• [Your assignment]
Return the listing below verbatim. Pictures do not belong in the copy.

+++ Dataset excerpt +++

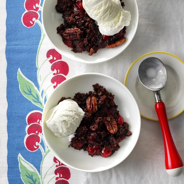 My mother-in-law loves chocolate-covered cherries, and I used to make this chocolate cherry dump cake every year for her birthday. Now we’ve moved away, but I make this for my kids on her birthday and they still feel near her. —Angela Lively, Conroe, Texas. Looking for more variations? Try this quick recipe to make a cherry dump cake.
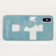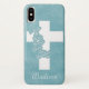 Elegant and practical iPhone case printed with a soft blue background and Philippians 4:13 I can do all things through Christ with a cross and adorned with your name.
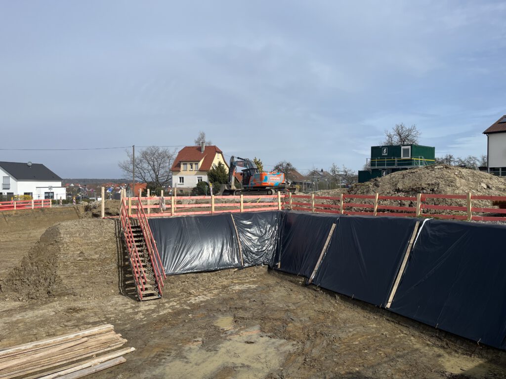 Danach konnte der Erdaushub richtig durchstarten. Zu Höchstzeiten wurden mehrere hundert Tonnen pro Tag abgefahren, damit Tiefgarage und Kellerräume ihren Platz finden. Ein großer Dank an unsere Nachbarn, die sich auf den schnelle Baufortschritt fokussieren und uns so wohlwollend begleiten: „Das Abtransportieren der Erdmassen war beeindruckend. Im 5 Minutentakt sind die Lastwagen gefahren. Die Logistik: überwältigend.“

+++

• [Answer for this exercise]
 My mother-in-law loves chocolate-covered cherries, and I used to make this chocolate cherry dump cake every year for her birthday. Now we’ve moved away, but I make this for my kids on her birthday and they still feel near her. —Angela Lively, Conroe, Texas. Looking for more variations? Try this quick recipe to make a cherry dump cake.
 Elegant and practical iPhone case printed with a soft blue background and Philippians 4:13 I can do all things through Christ with a cross and adorned with your name.
 Danach konnte der Erdaushub richtig durchstarten. Zu Höchstzeiten wurden mehrere hundert Tonnen pro Tag abgefahren, damit Tiefgarage und Kellerräume ihren Platz finden. Ein großer Dank an unsere Nachbarn, die sich auf den schnelle Baufortschritt fokussieren und uns so wohlwollend begleiten: „Das Abtransportieren der Erdmassen war beeindruckend. Im 5 Minutentakt sind die Lastwagen gefahren. Die Logistik: überwältigend.“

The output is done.